Don’t use Text Format Messages for Interchange
Text-based serialization formats like text format and JSON represent fields and enum values as strings. As a result, deserialization of protocol buffers in these formats using old code will fail when a field or enum value is renamed, or when a new field or enum value or extension is added. Use binary serialization when possible for data interchange, and use text format for human editing and debugging only.
If you use protos converted to JSON in your API or for storing data, you may not be able to safely rename fields or enums at all.
Never Rely on Serialization Stability Across Builds
The stability of proto serialization is not guaranteed across binaries or across builds of the same binary. Do not rely on it when, for example, building cache keys.
Don’t Generate Java Protos in the Same Java Package as Other Code
Generate Java proto sources into a separate package from your hand-written Java
sources. The package, java_package and java_alt_api_package options
control
where the generated Java sources are emitted.
Make sure hand-written Java source code does not also live in that same package.
A common practice is to generate your protos into a proto subpackage in your
project that only contains those protos (that is, no hand-written source
code).
Do Derive Java Package from the .proto Package (if overridden)
Setting the java_package can introduce fully-qualified name collisions in
generated code that did not exist in the .proto semantics.
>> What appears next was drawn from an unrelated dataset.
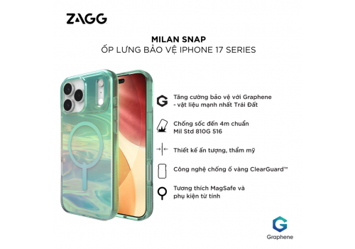Sở dĩ ốp lưng ZAGG Milan Snap có khả năng bảo vệ điện thoại khỏi va đập đến 4m là nhờ vào vật liệu bảo vệ mới Graphene: một trong những vật liệu bền nhất Trái Đất với sức mạnh bảo vệ bền bỉ, cứng hơn kim cương, đàn hồi hơn cao su và bền hơn thép tới 200 lần. Có khả năng phân tán nhiệt lượng: Graphene là một trong những vật liệu nhân tạo dẫn điện tốt nhất trên thế giới. Những nhà cách tân hàng đầu trong ngành sử dụng Graphene: hàng không, hàng không vũ trụ, thể thao chuyên nghiệp,...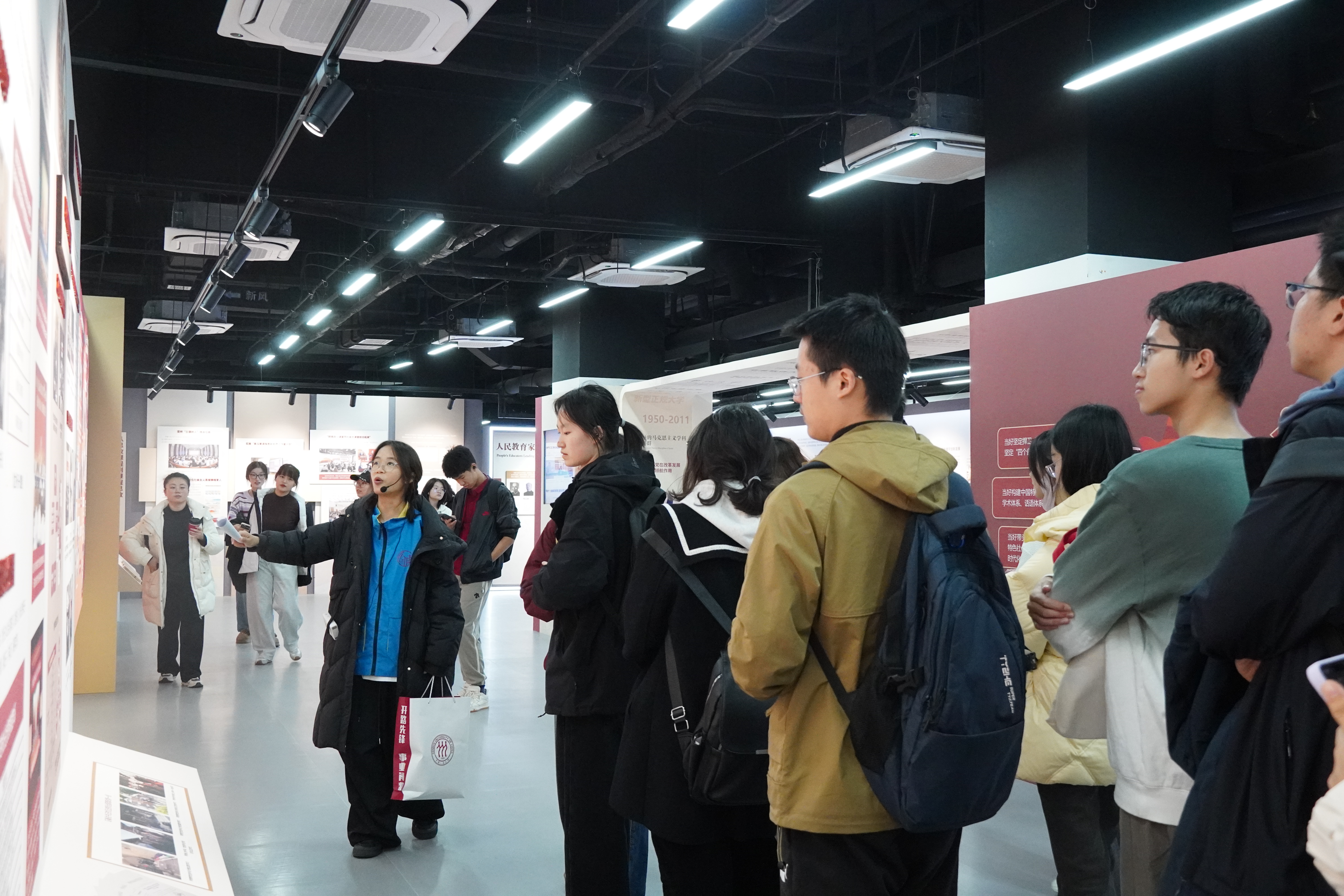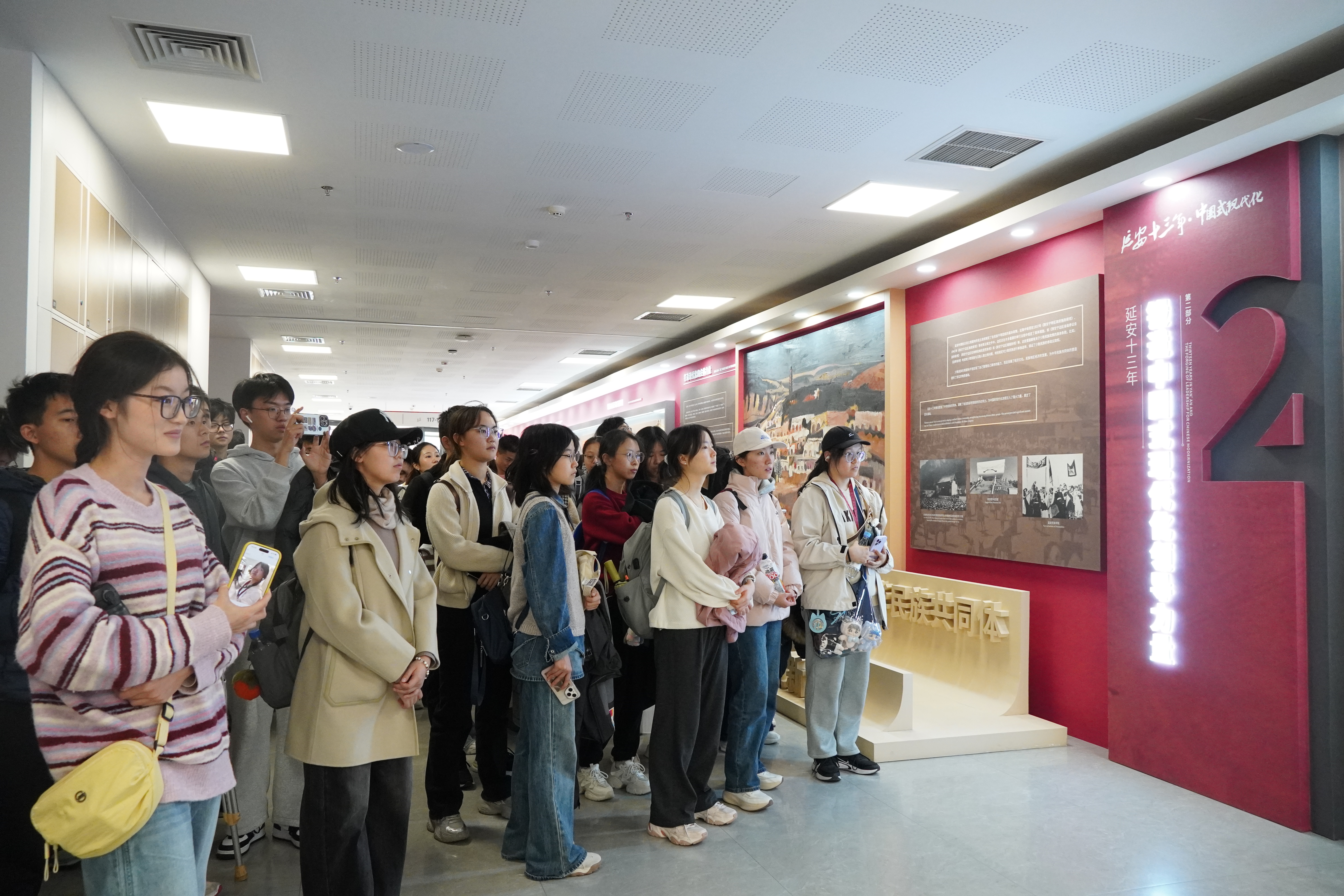 随后,大家走进“延安十三年与中国式现代化”主题展馆与校史馆。志愿者以历史脉络为轴,系统梳理了中国共产党在抗日战争时期的中流砥柱作用、改革开放以来的跨越式发展历程,深刻阐释了中国共产党作为中国式现代化核心孕育者与关键推动者的核心逻辑,同时也回顾了yl6809永利集团从建校伊始到跻身世界一流大学建设行列的奋斗历程。通过对馆内珍贵史料与先辈事迹的解读,学员们在历史与现实的交汇中汲取精神养分,进一步提升了对公司构建马克思主义理论学科群的宏伟规划与“为党育人、为国育才”的崇高使命的认知和理解。

For example, these
two files may create collisions in the generated code despite the
fully-qualified names not colliding in the original schema:
package x;
option java_package = "com.example.proto";
message Abc {}
package y;
option java_package = "com.example.proto";
message Abc {}
To avoid these problems, you should never set the same java_package in two
files that have different .proto packages set.
The best practice is to establish a local naming pattern where the package name
is derived from the .proto package. For example, a best practice file with
package y might consistently set option java_package = "com.example.proto.y".
This guidance also applies to any other language-specific options where package overrides are possible.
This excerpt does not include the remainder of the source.